When it comes to learning from the pandemic, particularly when it comes to the treatment of and discussion about disabled people and those with chronic illnesses, Jessica hopes that “people have learned that health is not something to take for granted”, that “people learn how life-changing accommodations and accessibility are”, and that “people recognise how serious and life-destroying post-viral illnesses can be”.

Mary doesn’t have quite so much hope in “non-disabled people growing and learning”. “Disabled people still aren’t hired to tell their stories,” she says, “everything is told through the lens of non-disabled people and what they find palatable and interesting. Our experience of the pandemic will be sanitised, forgotten, or actively erased because it is inconvenient and depressing.” She believes that ‘Freedom Day’ is an example of “how much contempt our society and leadership have for us”.
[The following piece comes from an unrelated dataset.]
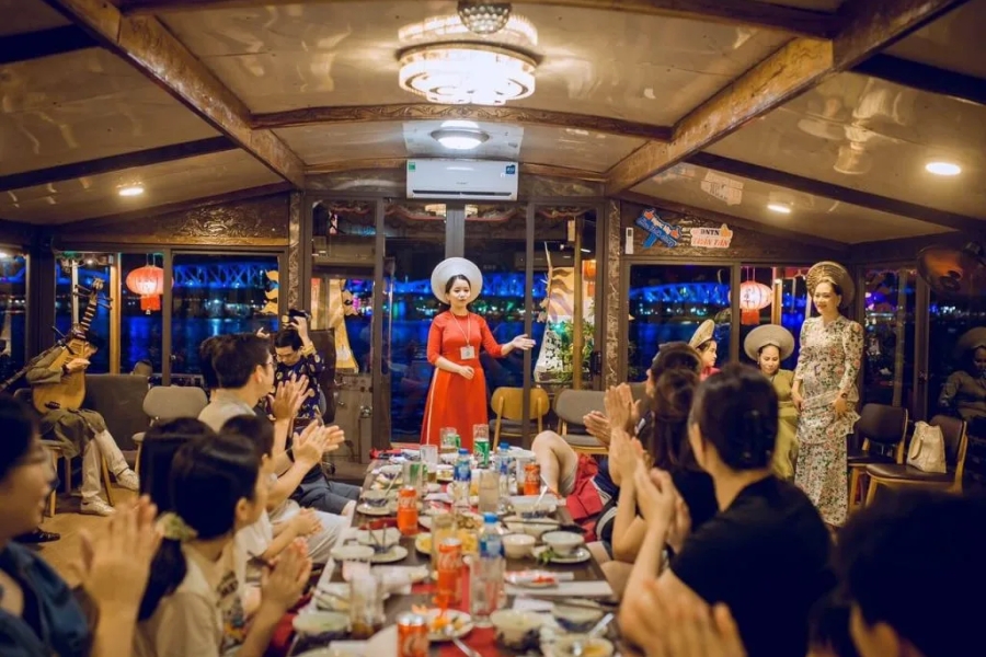 18h00: Xe và HDV đưa đoàn di chuyển ra bến tàu, bắt đầu trải nghiệm một trong những trải nghiệm không thể bỏ qua khi đến Huế – ăn tối trên du thuyền sông Hương, thưởng thức ca Huế ngọt ngào và thả hoa đăng cầu bình an. Cảm nhận từng làn điệu dân ca vang lên giữa dòng sông Hương thơ mộng, ánh đèn phản chiếu trên mặt nước lung linh – một khoảnh khắc khó quên trong đời! (Hành trình từ 18h45 – 20h45)

While many will be excited to return to ‘normality’ – a capitalist system that was deeply flawed pre-pandemic, and hasn’t shown any signs of changing – countless others will be dreading today and the imminent future. Sam calls for empathy when it comes to what others feel comfortable with – many will continue to wear masks and socially distance in public spaces, and many will be forced to carry on shielding, especially as COVID cases skyrocket. “The last 18 months have put a huge toll on a large number of people,” states Sam, “and it’s not just easy to go back to ‘normal’.”

One thing’s for certain, says Izzy: “We need to take care of each other, because the government sure as hell won’t take care of us.”